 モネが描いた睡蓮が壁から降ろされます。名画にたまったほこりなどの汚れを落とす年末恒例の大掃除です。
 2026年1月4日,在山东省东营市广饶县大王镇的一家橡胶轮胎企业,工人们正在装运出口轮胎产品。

* * *

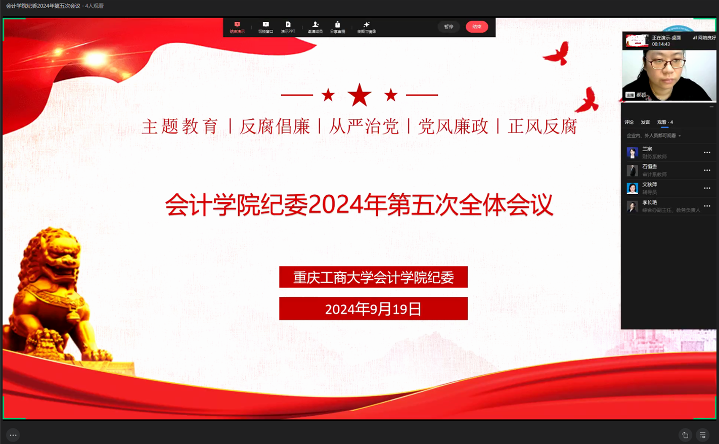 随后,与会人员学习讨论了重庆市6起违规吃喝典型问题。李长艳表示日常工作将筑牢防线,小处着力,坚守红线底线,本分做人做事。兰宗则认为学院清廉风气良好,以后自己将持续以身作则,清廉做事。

---

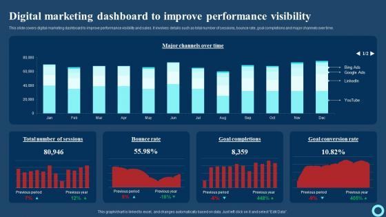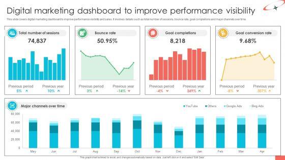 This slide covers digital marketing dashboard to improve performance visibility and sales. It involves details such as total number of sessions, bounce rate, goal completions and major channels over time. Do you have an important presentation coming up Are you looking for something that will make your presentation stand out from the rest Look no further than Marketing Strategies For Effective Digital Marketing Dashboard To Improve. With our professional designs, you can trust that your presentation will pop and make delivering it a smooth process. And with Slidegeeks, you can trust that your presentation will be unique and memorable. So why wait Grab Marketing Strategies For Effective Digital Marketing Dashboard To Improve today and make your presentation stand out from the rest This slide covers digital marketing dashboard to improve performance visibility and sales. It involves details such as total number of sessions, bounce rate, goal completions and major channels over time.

TASK DESCRIPTION: Only one part of the material above is to be transcribed, namely the lines starting with the line that has "モネが描いた睡蓮が壁から降ろ" and going on through the line that has "2026年1月4日,在山东省", exactly as they stand.

TASK RESPONSE:
 モネが描いた睡蓮が壁から降ろされます。名画にたまったほこりなどの汚れを落とす年末恒例の大掃除です。
 2026年1月4日,在山东省东营市广饶县大王镇的一家橡胶轮胎企业,工人们正在装运出口轮胎产品。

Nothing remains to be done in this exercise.